* _Assignment_:
Transcribe nothing except the lines below that run from the one with "PEBAX+TPU FGスタ" to the one with "GIGA端末で写真を撮る練習です。きれいに整頓したロッカーを撮影していました。", ends included, and do not copy any picture.

* _Provided data_:
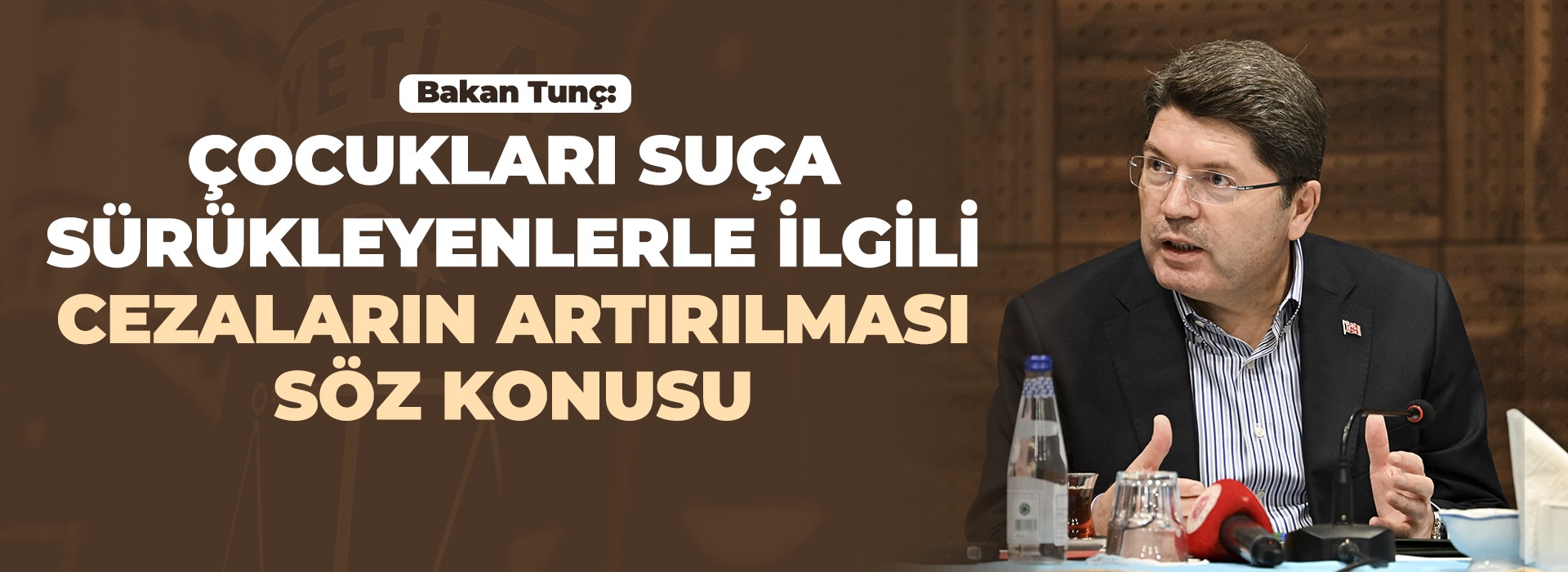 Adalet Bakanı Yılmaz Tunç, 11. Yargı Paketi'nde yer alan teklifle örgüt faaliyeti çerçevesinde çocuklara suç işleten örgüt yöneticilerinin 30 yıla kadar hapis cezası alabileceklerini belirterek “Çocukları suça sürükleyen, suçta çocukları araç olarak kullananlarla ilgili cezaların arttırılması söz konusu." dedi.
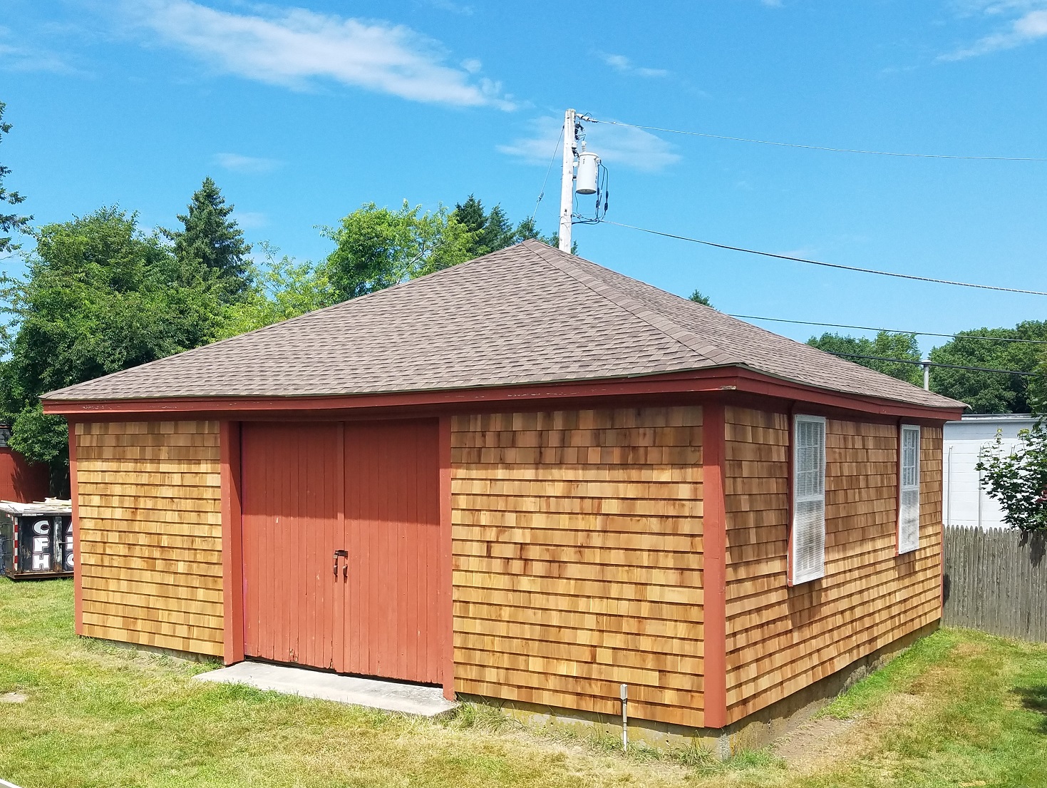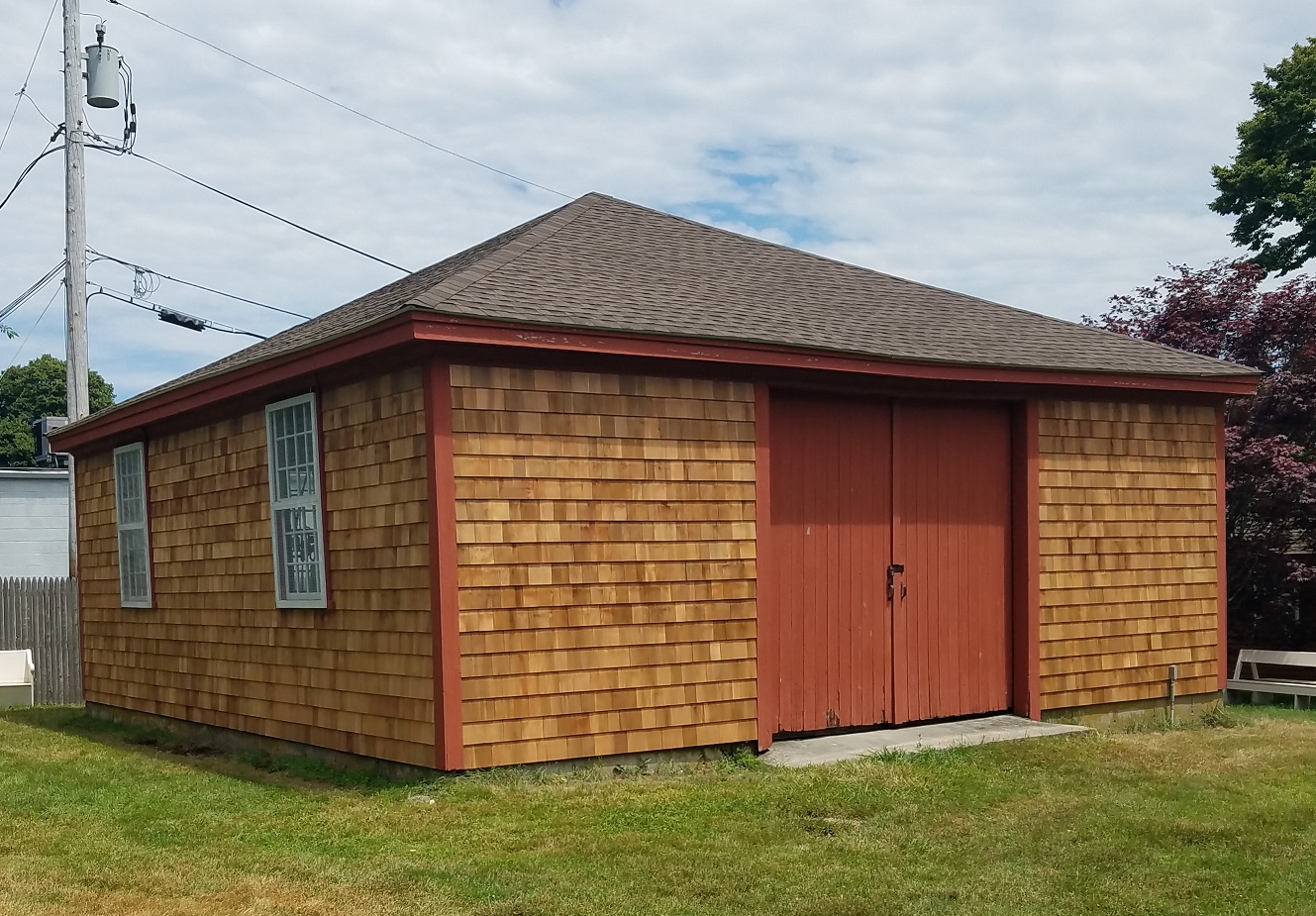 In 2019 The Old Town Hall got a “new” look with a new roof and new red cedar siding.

--

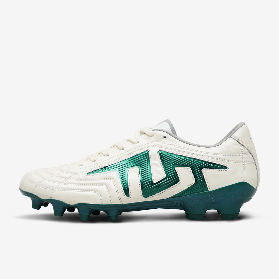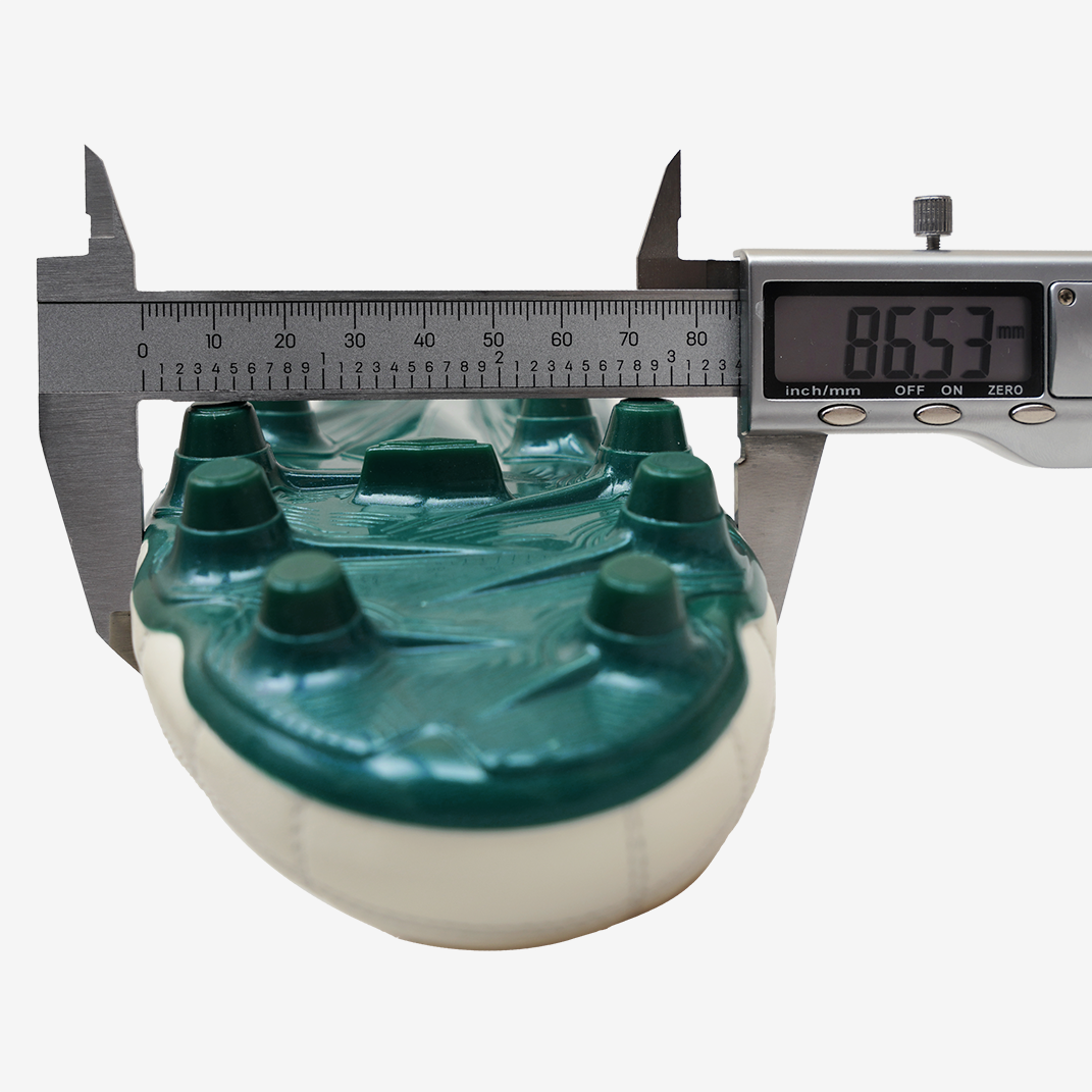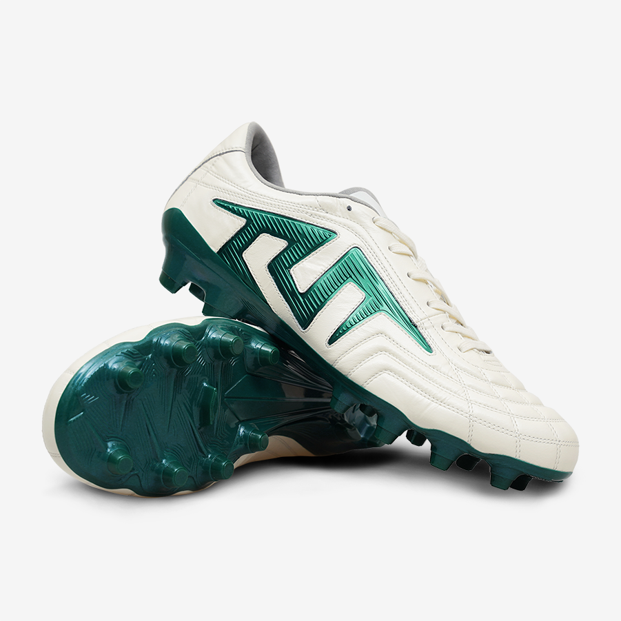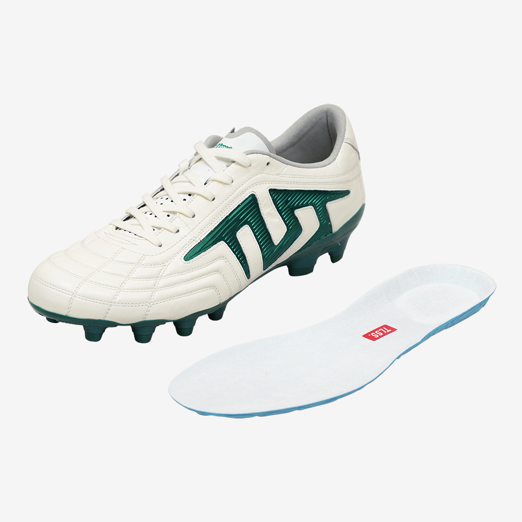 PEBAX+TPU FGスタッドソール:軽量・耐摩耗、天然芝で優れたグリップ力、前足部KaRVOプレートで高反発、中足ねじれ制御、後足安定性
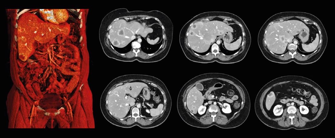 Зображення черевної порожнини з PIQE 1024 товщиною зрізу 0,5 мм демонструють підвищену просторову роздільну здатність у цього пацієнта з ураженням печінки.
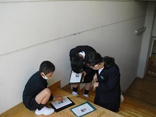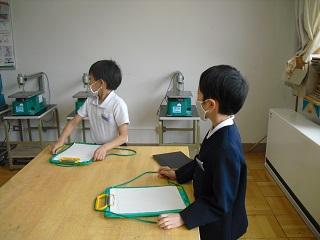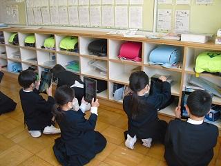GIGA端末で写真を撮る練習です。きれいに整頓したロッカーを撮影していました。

--

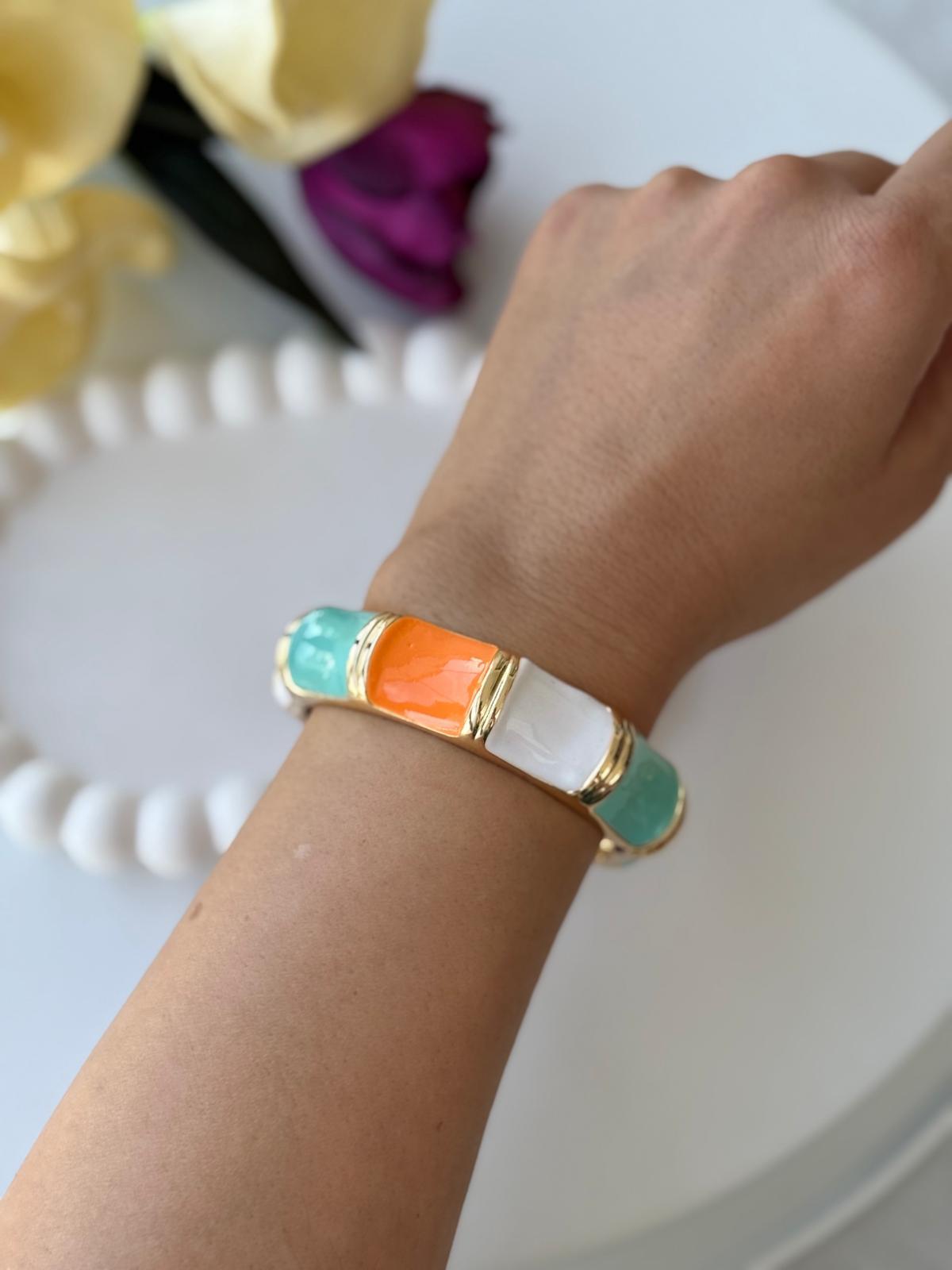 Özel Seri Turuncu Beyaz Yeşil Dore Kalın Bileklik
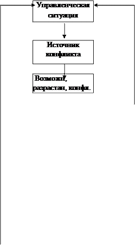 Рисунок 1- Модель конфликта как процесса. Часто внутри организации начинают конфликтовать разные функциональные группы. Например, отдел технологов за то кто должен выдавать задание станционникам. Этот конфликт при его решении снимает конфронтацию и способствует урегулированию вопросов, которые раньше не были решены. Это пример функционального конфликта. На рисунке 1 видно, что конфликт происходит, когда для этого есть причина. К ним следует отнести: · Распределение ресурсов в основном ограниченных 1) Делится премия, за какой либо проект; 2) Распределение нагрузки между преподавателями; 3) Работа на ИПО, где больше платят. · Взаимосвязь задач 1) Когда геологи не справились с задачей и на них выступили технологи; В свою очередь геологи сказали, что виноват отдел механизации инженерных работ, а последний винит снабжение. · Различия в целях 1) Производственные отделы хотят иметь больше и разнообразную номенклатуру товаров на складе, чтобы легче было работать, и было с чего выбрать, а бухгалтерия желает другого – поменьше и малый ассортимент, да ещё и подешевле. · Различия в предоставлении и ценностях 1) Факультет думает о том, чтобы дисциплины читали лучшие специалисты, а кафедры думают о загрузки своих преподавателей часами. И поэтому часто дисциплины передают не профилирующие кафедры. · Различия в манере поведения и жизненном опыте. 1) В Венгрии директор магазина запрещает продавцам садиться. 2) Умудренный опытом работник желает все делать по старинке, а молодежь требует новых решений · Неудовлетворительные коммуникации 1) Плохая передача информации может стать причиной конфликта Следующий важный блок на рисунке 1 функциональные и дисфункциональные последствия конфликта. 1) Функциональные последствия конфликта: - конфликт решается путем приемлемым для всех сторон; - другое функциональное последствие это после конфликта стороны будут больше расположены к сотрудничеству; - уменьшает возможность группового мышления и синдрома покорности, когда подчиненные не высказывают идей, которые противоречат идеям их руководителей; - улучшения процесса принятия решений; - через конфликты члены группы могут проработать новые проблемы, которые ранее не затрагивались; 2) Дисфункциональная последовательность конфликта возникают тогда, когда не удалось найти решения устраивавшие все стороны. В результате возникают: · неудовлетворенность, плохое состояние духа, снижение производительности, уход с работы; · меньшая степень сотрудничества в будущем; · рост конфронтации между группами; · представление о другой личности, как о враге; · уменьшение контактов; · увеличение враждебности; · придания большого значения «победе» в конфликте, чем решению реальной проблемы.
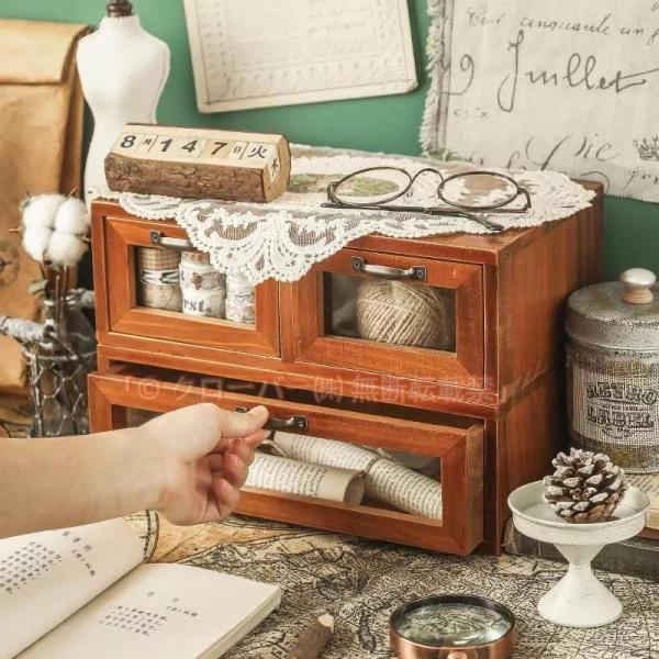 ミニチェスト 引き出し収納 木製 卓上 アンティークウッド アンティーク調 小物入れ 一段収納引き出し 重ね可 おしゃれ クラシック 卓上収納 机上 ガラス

* _Your solution_:
 PEBAX+TPU FGスタッドソール:軽量・耐摩耗、天然芝で優れたグリップ力、前足部KaRVOプレートで高反発、中足ねじれ制御、後足安定性
 Зображення черевної порожнини з PIQE 1024 товщиною зрізу 0,5 мм демонструють підвищену просторову роздільну здатність у цього пацієнта з ураженням печінки.
GIGA端末で写真を撮る練習です。きれいに整頓したロッカーを撮影していました。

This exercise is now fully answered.